What this task involves >> Look through the listing below for the line containing "Коньки хоккейные прокатные". Copy it and each line after it up to and including the line containing "Albany skoskab – Albany", exactly, leaving out pictures.

Data records >>
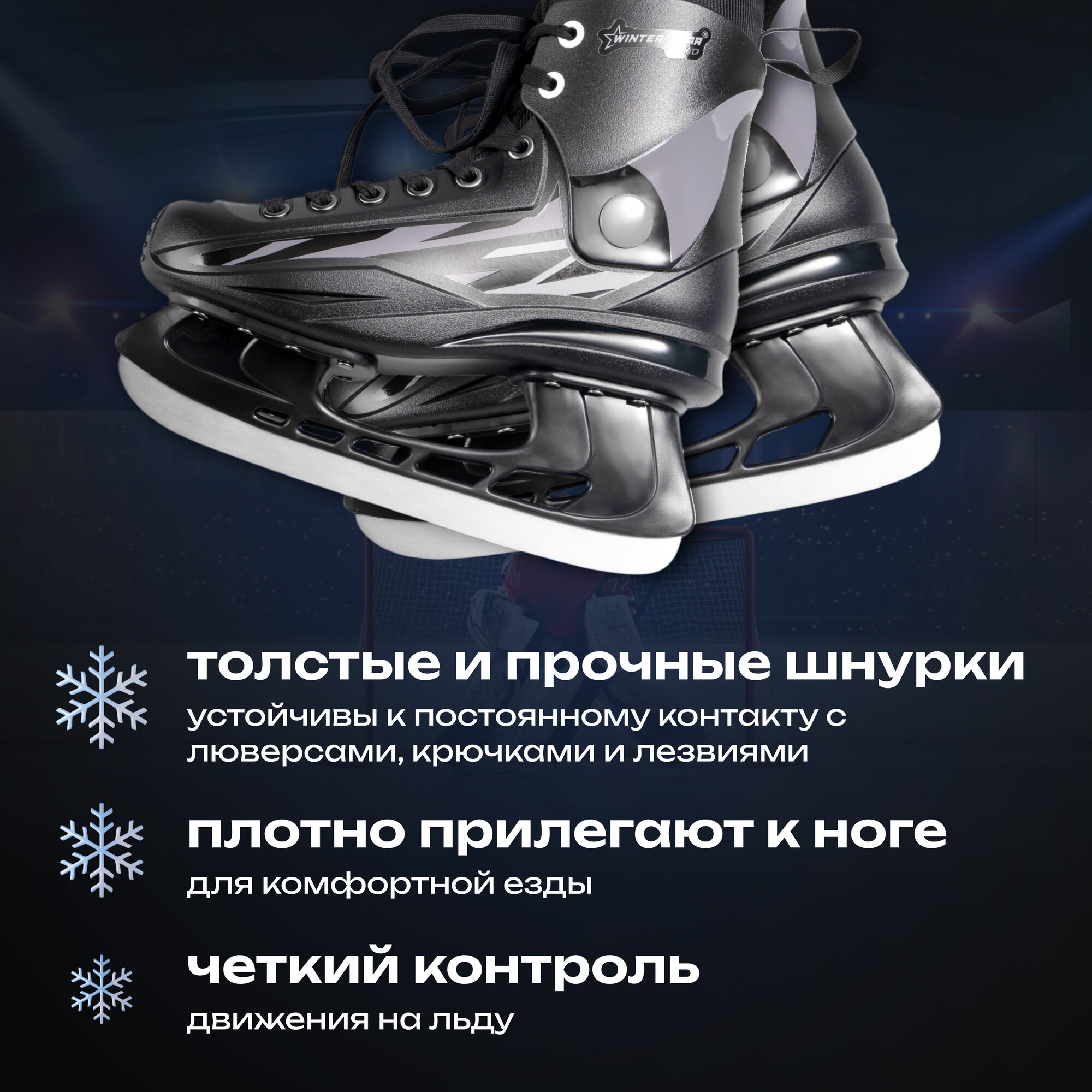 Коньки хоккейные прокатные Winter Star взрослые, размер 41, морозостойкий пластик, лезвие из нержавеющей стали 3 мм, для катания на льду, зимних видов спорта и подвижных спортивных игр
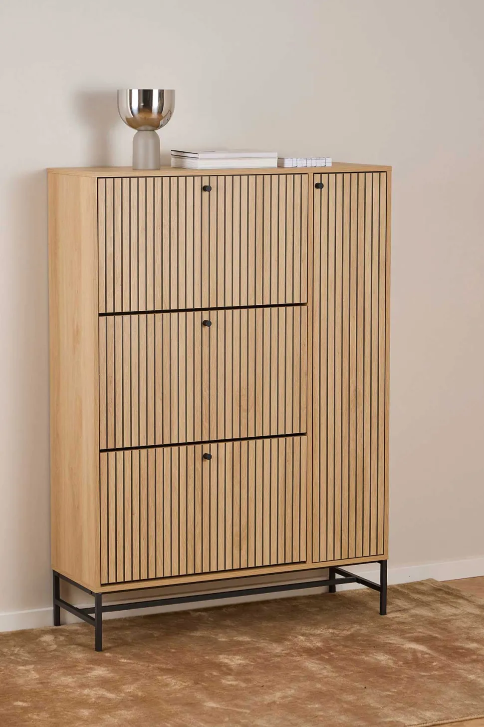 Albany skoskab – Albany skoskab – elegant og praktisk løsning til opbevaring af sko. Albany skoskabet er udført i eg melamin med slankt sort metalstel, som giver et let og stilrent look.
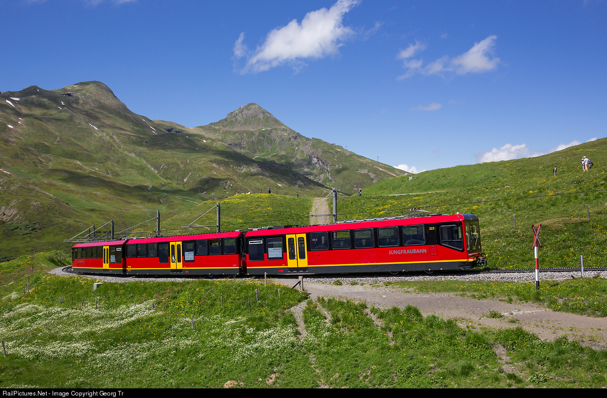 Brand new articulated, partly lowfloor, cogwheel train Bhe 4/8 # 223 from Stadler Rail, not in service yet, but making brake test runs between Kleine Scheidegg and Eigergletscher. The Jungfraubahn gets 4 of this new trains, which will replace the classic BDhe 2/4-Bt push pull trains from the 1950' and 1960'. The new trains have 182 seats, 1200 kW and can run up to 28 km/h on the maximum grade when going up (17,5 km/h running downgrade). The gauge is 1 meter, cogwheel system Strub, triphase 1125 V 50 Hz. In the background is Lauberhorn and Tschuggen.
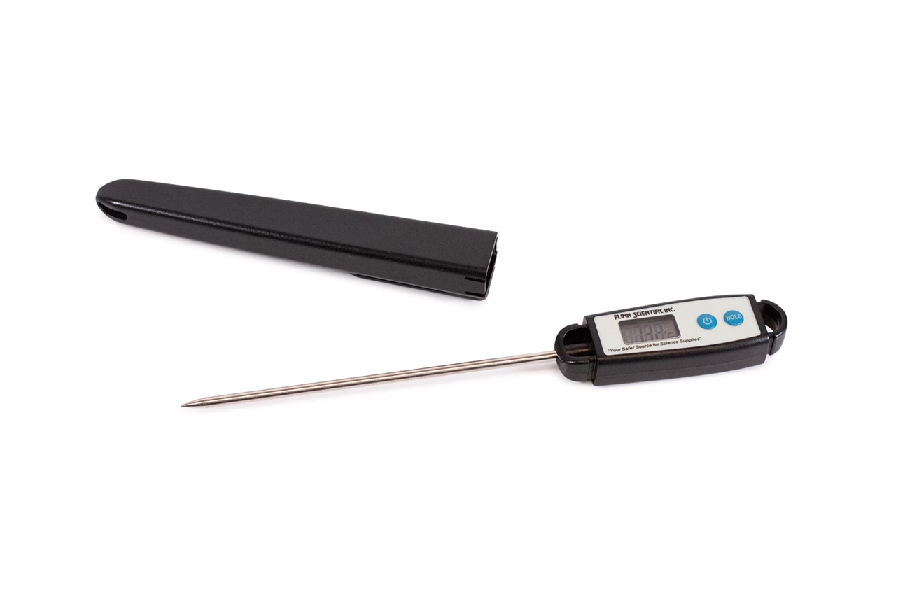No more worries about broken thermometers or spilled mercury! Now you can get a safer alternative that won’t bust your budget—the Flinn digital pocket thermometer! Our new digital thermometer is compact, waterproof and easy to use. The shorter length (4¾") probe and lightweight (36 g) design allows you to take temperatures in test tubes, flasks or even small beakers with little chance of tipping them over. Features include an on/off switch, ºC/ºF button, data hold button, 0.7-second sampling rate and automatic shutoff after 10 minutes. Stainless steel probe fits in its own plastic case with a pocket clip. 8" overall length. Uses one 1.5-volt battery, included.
--
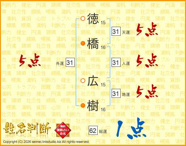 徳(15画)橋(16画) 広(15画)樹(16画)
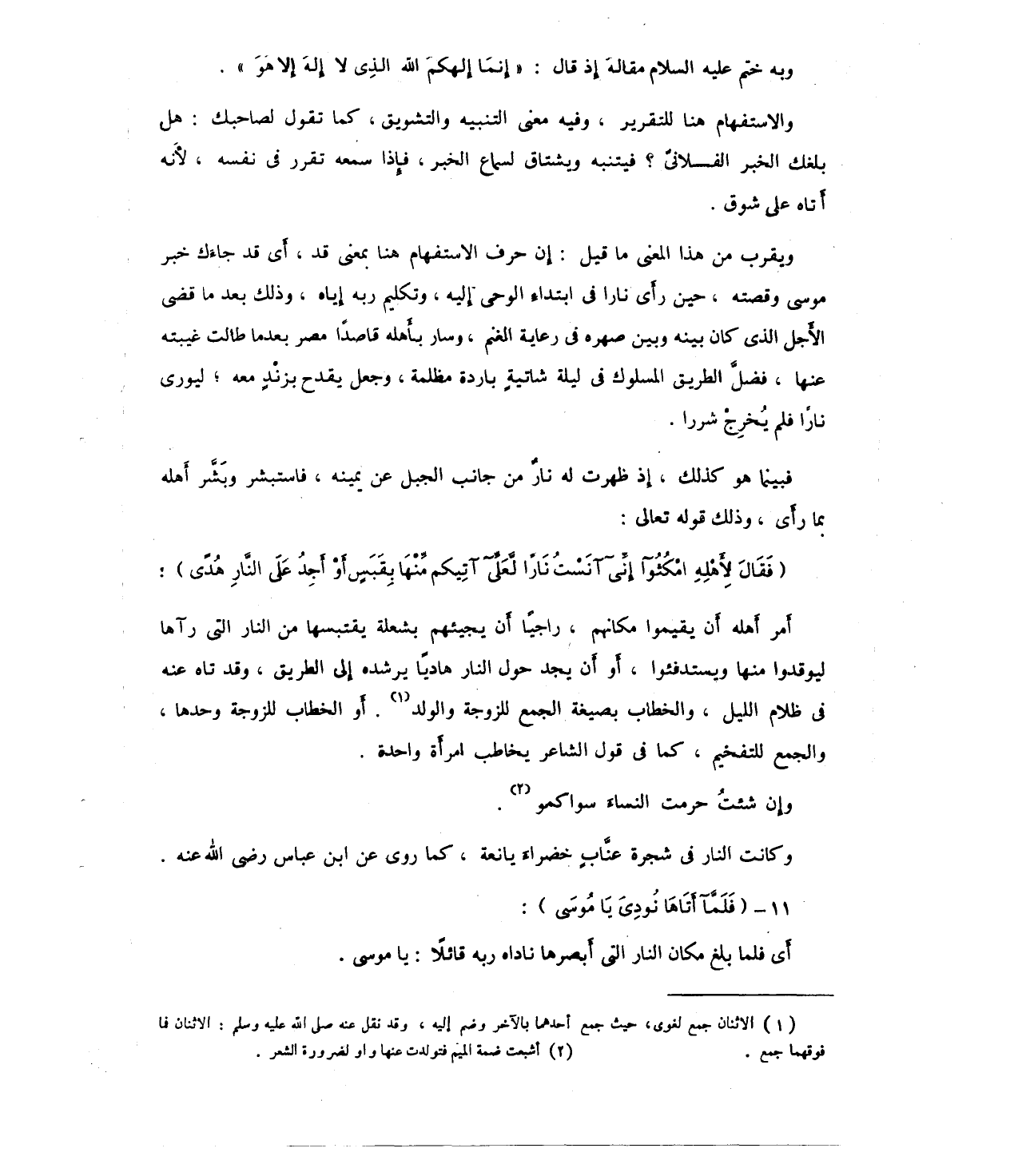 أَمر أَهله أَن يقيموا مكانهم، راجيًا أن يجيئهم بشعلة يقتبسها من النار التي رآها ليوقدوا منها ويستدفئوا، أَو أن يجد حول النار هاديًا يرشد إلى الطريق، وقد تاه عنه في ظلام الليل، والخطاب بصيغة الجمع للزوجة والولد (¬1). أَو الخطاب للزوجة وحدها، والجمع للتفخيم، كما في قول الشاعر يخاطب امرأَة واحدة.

Response area >>
 Коньки хоккейные прокатные Winter Star взрослые, размер 41, морозостойкий пластик, лезвие из нержавеющей стали 3 мм, для катания на льду, зимних видов спорта и подвижных спортивных игр
 Albany skoskab – Albany skoskab – elegant og praktisk løsning til opbevaring af sko. Albany skoskabet er udført i eg melamin med slankt sort metalstel, som giver et let og stilrent look.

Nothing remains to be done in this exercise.